Retype, without pictures, the line holding "Este porta retrato" and each line below it through the final line.

RECORDED INFORMATION:
>>>

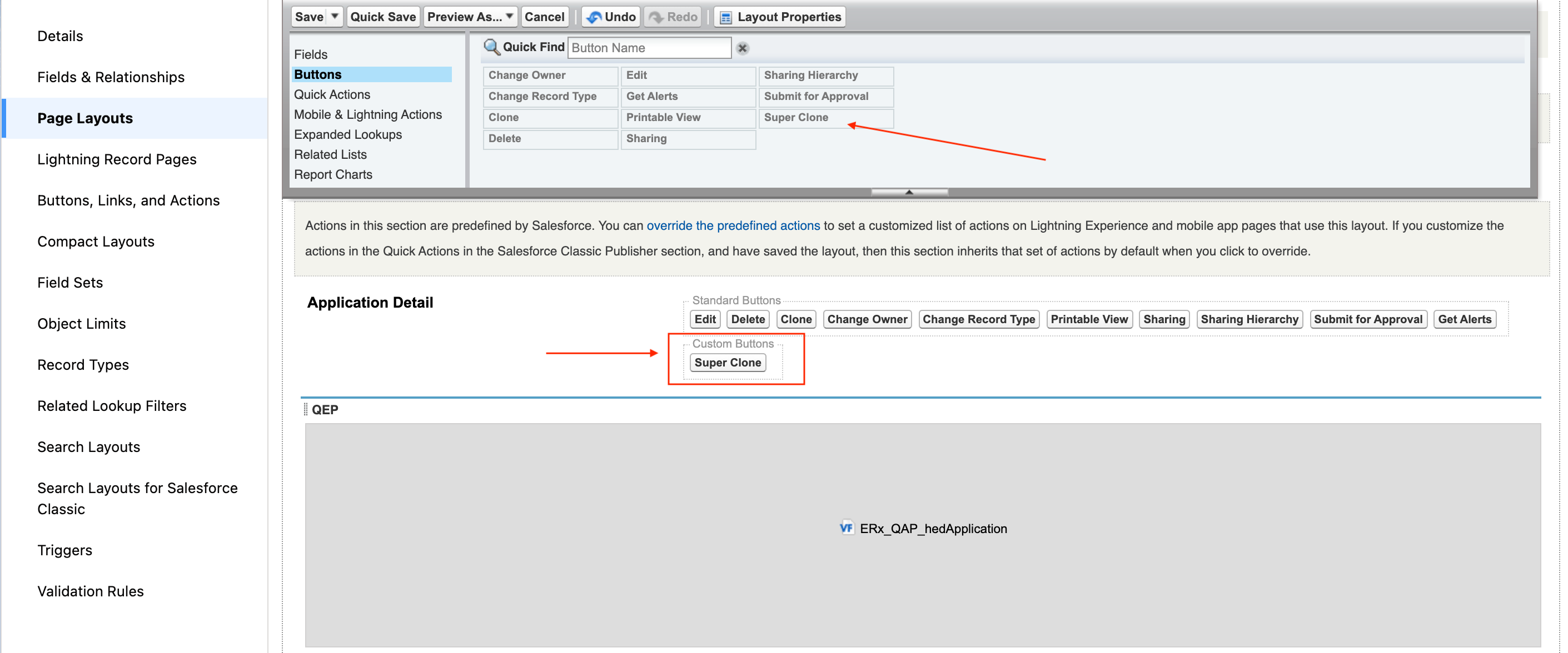 - Edit the custom application's page layout by dragging and dropping the Super Clone button to the Custom Buttons area under Application Detail
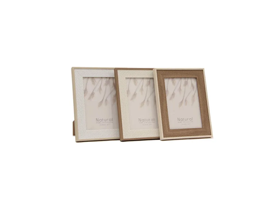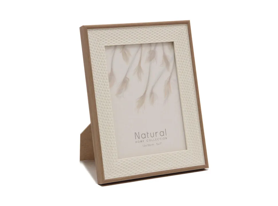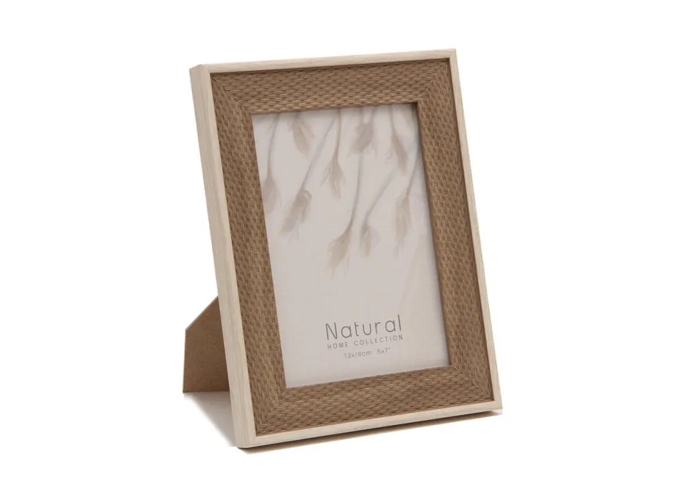 Este porta retrato de 15 x 21 cm con acabado simil ratan es perfecto para darle un toque cálido y natural a tu hogar. Disponible en blanco, madera clara y madera oscura, su diseño texturizado simula el ratan, lo que le da un aire orgánico y rústico que complementará cualquier estilo de decoración.
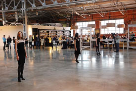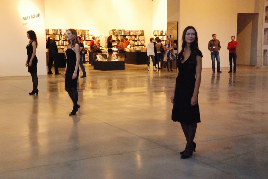 Описание: 4-5 девушек в черных платьях встречают зрителей у входа в Гараж. Они,

<<<

REPLY:
 Este porta retrato de 15 x 21 cm con acabado simil ratan es perfecto para darle un toque cálido y natural a tu hogar. Disponible en blanco, madera clara y madera oscura, su diseño texturizado simula el ratan, lo que le da un aire orgánico y rústico que complementará cualquier estilo de decoración.
 Описание: 4-5 девушек в черных платьях встречают зрителей у входа в Гараж. Они,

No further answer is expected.